Word for word, print out all of the data, omitting every image.

***** Data extract *****

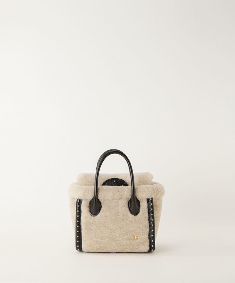 穴の下からもこもこボアをのぞかせた小さなキューブ型のトートバッグです。 【素材】 渋なめしの特徴が強い革です。独特の光沢があり、使用していると艶がでてきます。 本来の質感を大切にしているので使用していると細かい傷がつきますが、ずっと愛用していただくと傷も馴染んでくる革です。 ウールボアのNATURALは化学染料を使用せず、ナチュラルカラーの羊毛になります。 裏地には、明るいカラーのナイロン素材を合わせ、軽く汚れにも強くなっています。 【収納】 ミニ財布:〇 リップスティック:〇 スマ-トフォン:〇 【ご購入に関して】 エバゴスの販売実店舗はマドリガル 北店、南堀江店、ムジークの3店舗ございます。 ご希望の商品の在庫の有無はご来店希望の店舗メールにお気軽にお問い合わせくださいませ。
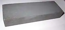 - Piedras de material sintético. Suelen estar elaboradas de materiales cerámicos abrasivos como el carburo de silicio (carborundo) u óxido de aluminio (corindón). Se suelen comercializar piedras de este tipo con dos clases de grano, fino por un lado y grueso por otro.
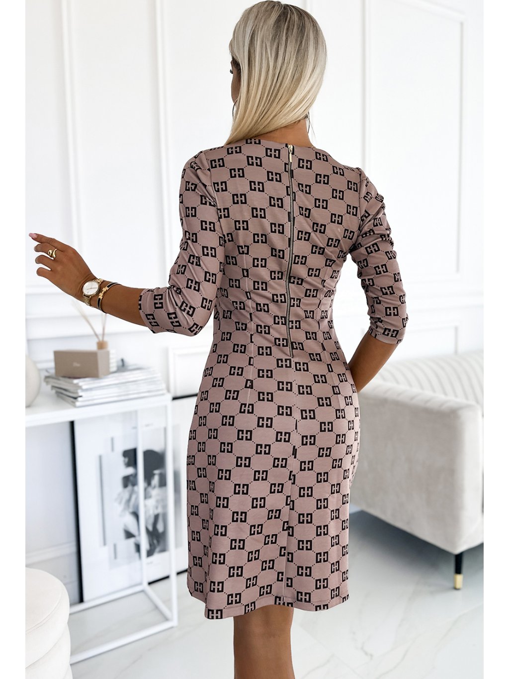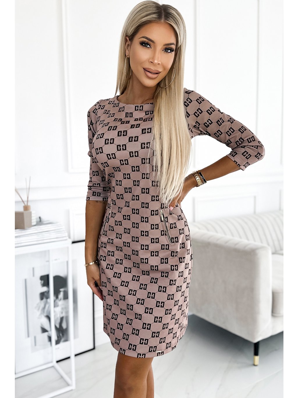 Béžové vzorované šaty so zlatými zipsami MARY

*****

▶ **Solution to this problem**:
 穴の下からもこもこボアをのぞかせた小さなキューブ型のトートバッグです。 【素材】 渋なめしの特徴が強い革です。独特の光沢があり、使用していると艶がでてきます。 本来の質感を大切にしているので使用していると細かい傷がつきますが、ずっと愛用していただくと傷も馴染んでくる革です。 ウールボアのNATURALは化学染料を使用せず、ナチュラルカラーの羊毛になります。 裏地には、明るいカラーのナイロン素材を合わせ、軽く汚れにも強くなっています。 【収納】 ミニ財布:〇 リップスティック:〇 スマ-トフォン:〇 【ご購入に関して】 エバゴスの販売実店舗はマドリガル 北店、南堀江店、ムジークの3店舗ございます。 ご希望の商品の在庫の有無はご来店希望の店舗メールにお気軽にお問い合わせくださいませ。
 - Piedras de material sintético. Suelen estar elaboradas de materiales cerámicos abrasivos como el carburo de silicio (carborundo) u óxido de aluminio (corindón). Se suelen comercializar piedras de este tipo con dos clases de grano, fino por un lado y grueso por otro.
 Béžové vzorované šaty so zlatými zipsami MARY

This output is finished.